We illustrate here how bifurcation transitions should be interpreted with the example of Th_pluri model for bifurcations from FOXP3 active. The four identified bifurcation transitions are the following:

  • STAT6 0 \(\rightarrow\) 1 when IL4R=1

  • RORGT 0 \(\rightarrow\) 1 when BCL6=0 and FOXP3=0 and STAT3=1 and TGFBR=1

  • STAT1 0 \(\rightarrow\) 1 when IL27R=1

  • STAT1 0 \(\rightarrow\) 1 when IFNGR=1

These transitions are local transitions of the AN which satisfy \((\mathrm{I1}^\#)\), \((\mathrm{I2}^\#)\), and \((\mathrm{I3}^\#)\). The first transition corresponds to the activation of STAT6 by IL4R, the second is the joint activation of RORGT by STAT3 and TGFBR provided that BCL6 and FOXP3 are inactive, and the third and fourth are the activation of STAT1 either by active IL27R or by active IFNGR.

The fact that these transitions are bifurcation transitions for FOXP3 means the following: starting from the specified initial state, there exists future states where the occurence of one of these transitions puts the system in a state where FOXP3 is no longer activable, and in particular, all future attractors have FOXP3 inactive. In that precise case, the active form of FOXP3 is a marker for the “Treg” Th subtype: hence, these 4 bifurcation transitions can prevent the differentiation of the cell in this type.

Conclusions

This paper presents an original combination of computational techniques to identify transitions of a dynamical system that can remove its capability to reach a (set of) states of interest. Our methodology combines static analysis of ANs dynamics, partial order representations of the state space, and constraint programming to efficiently enumerate those bifurcations. To our knowledge, this is the first integrated approach for deriving bifurcation transitions from concurrent models, and ANs in particular.

Bifurcations are key features of biological networks, as they model decisive transitions which control the differentiation of the cell: the bifurcations decide the portions of the state space (no longer) reachable in the long-run dynamics.
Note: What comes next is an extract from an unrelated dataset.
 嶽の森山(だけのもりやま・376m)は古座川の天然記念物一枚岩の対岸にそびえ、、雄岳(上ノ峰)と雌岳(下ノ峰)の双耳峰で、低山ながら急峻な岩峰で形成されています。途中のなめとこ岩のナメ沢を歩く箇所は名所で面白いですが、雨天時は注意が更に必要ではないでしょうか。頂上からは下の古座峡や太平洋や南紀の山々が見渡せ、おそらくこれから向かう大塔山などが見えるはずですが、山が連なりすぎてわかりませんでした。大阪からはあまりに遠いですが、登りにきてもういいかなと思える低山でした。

Providing automatic methods for capturing those differentiations steps is of great interest for biological challenges such as cell reprogramming [8, 33], as they suggest targets for modulating undergoing cellular processes. Our approach is focused on non-deterministic discrete dynamics, in opposition to deterministic systems, such as piecewise-affine systems on which differentiation is determined by the initial state in a continuous space [34].

Bifurcation transitions can be modelled as CTL properties and verified by exploring the reachable state and transition space. Our method aims at circumventing the state space explosion problem for large networks thanks to the formal approximations of reachability properties.
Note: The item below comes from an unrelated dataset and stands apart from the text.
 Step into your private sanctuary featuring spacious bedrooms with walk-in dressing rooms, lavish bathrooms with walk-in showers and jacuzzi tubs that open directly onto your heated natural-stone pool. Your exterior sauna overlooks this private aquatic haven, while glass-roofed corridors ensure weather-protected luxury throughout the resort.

Given an initial state of the AN and a goal state, our method first computes static abstractions of the AN dynamics and (optionally) a symbolic representation of the reachable state space with so-called unfoldings. From those prior computations, a set of constraints is issued to identify bifurcation transitions. We used ASP to declare the admissible solutions and the solver clingo to obtain their efficient enumerations. For large models, the unfolding may be intractable: in such a case, the methods relies only on reachability over- and under-approximations. By relying on those relaxations which can be efficiently encoded in ASP, our approach avoids costly exact checking, and is tractable on large models, as supported by the experiments.

For applications when the initial state is not fully determined, or equivalently, a set of initial states has to be considered, our approach, including CTL and approximations, can be easily extended for the identification of universal bifurcation transitions: such transitions are bifurcation transitions for every candidate initial state. Indeed, the verification of CTL properties is universal, as well as the implemented under-approximation of reachability \((\mathrm{I3}^\#)\). The unfolding prefix \((\mathrm{I3})\) can also be extended to multiple initial states [11]. The identification of existential bifurcation transitions, i.e., such that there exists at least one candidate initial state for which the transition is a bifurcation transition, could also be implemented for the approximation \((\mathrm{I3}^\#)\) using ASP, but with a potential lower scalability.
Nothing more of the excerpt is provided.